* _Exercise prompt_
Take the entries below and reproduce exactly the portion that begins at the line containing "Like new Hatley" and ends at the line containing "The game has", keeping both ends, dropping pictures, and adding nothing else.

* _Entries provided_
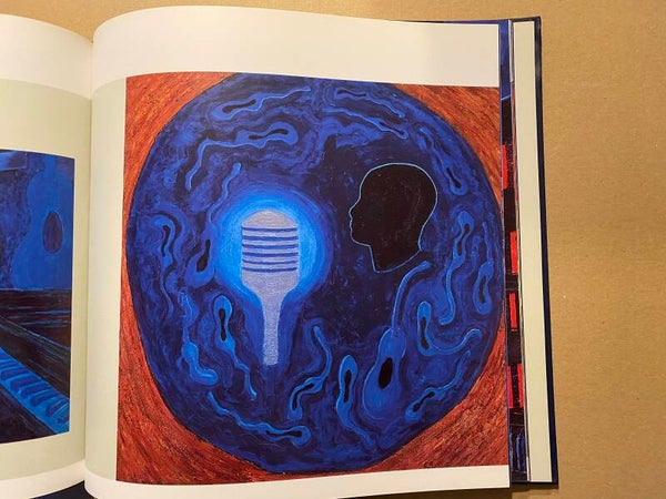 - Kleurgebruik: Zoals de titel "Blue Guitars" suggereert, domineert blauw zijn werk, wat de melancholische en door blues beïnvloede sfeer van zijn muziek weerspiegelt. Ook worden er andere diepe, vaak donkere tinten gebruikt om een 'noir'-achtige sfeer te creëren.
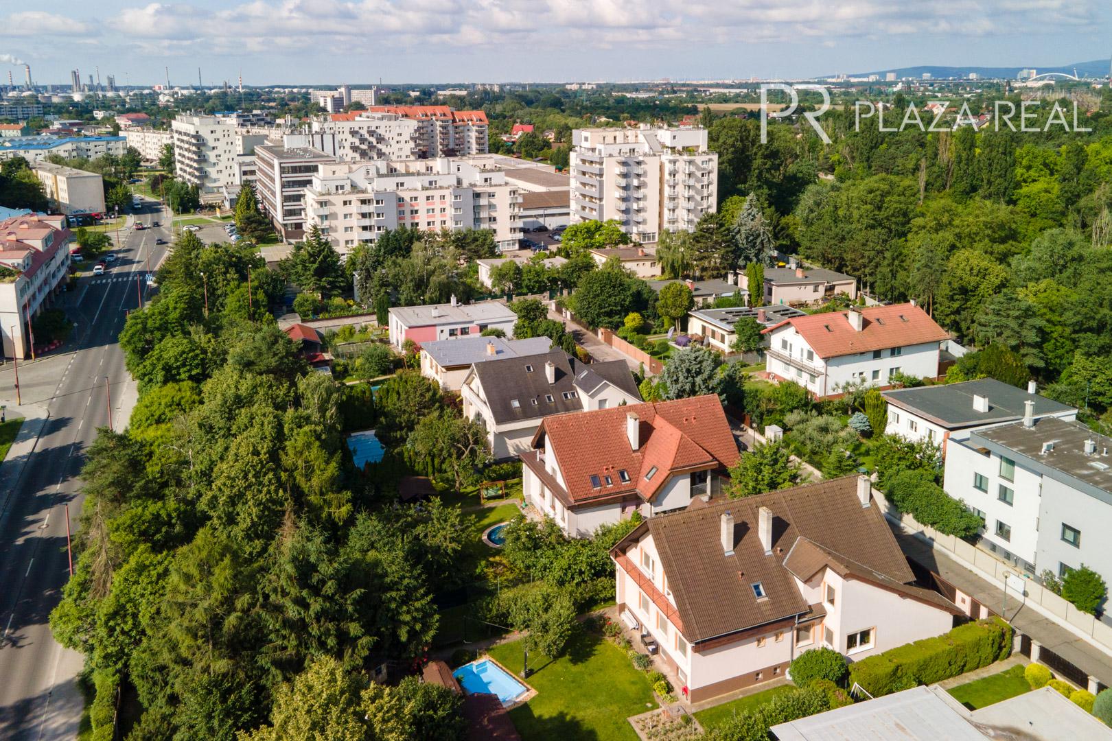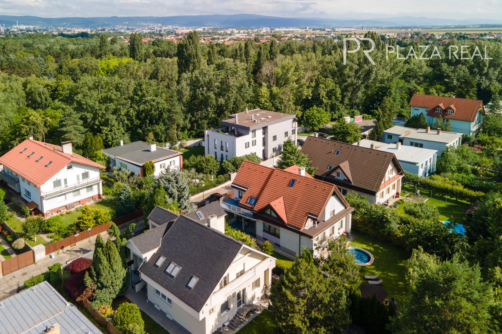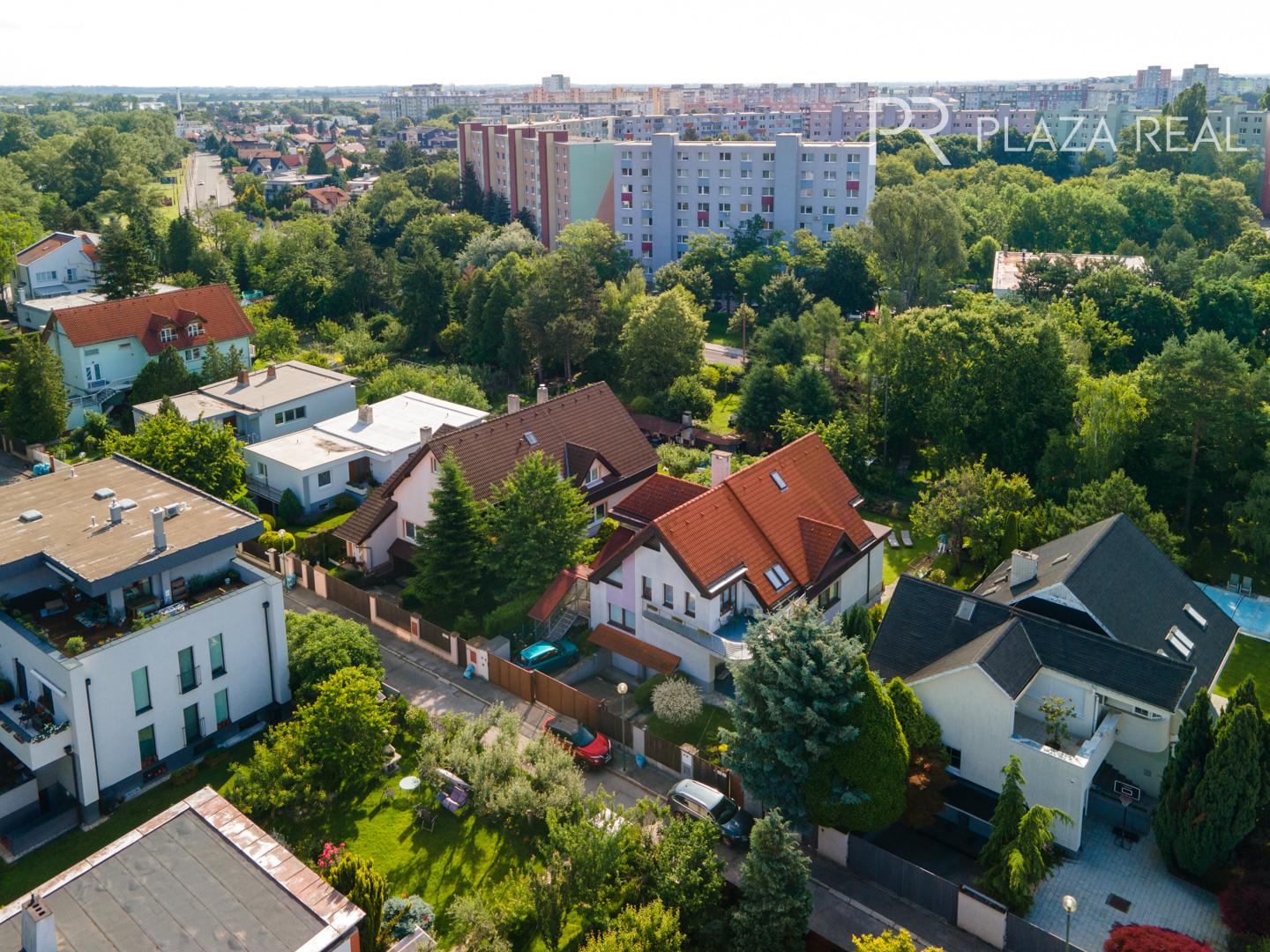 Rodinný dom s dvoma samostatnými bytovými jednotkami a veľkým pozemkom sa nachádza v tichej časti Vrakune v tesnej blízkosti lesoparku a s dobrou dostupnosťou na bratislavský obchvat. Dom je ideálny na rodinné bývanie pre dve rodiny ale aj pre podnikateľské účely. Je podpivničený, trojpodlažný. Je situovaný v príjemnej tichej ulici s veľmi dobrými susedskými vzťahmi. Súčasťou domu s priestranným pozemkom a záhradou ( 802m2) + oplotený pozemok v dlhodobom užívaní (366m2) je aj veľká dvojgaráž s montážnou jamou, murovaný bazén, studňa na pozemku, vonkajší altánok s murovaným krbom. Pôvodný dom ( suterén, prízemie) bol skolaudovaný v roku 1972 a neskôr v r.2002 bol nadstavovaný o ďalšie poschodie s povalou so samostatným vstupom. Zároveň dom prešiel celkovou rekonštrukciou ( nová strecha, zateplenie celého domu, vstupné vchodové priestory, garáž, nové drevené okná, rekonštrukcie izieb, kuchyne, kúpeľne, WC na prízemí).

==

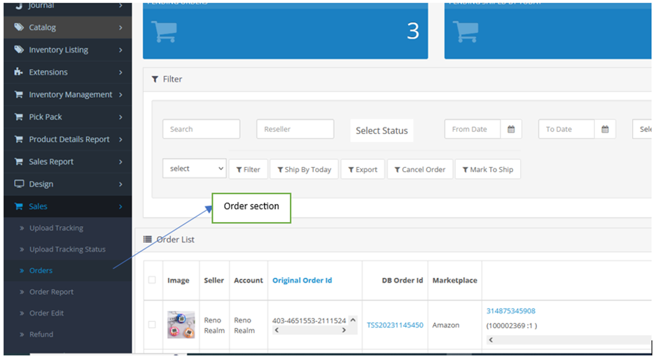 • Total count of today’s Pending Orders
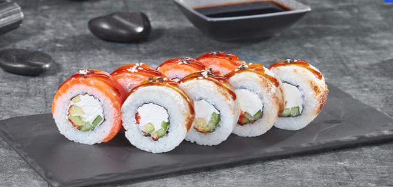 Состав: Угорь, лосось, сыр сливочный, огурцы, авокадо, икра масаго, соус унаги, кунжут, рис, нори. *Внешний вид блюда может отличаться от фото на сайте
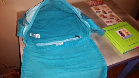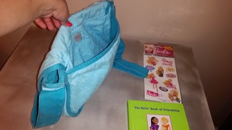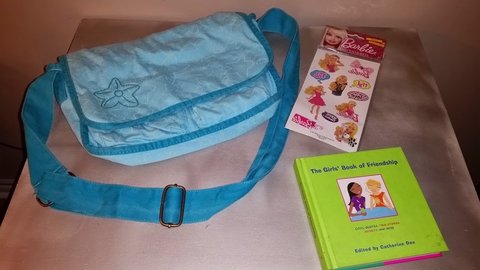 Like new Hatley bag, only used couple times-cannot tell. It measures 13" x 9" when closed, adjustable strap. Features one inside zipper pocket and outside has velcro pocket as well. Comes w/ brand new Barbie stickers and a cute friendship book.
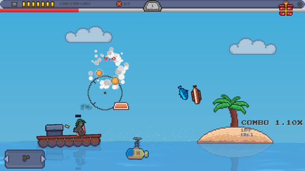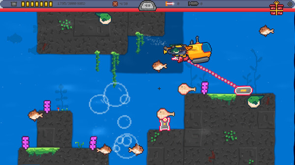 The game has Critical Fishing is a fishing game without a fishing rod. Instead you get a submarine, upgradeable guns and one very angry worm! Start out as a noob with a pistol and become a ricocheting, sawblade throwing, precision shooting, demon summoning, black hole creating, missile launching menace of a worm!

* _Response area_
 Like new Hatley bag, only used couple times-cannot tell. It measures 13" x 9" when closed, adjustable strap. Features one inside zipper pocket and outside has velcro pocket as well. Comes w/ brand new Barbie stickers and a cute friendship book.
 The game has Critical Fishing is a fishing game without a fishing rod. Instead you get a submarine, upgradeable guns and one very angry worm! Start out as a noob with a pistol and become a ricocheting, sawblade throwing, precision shooting, demon summoning, black hole creating, missile launching menace of a worm!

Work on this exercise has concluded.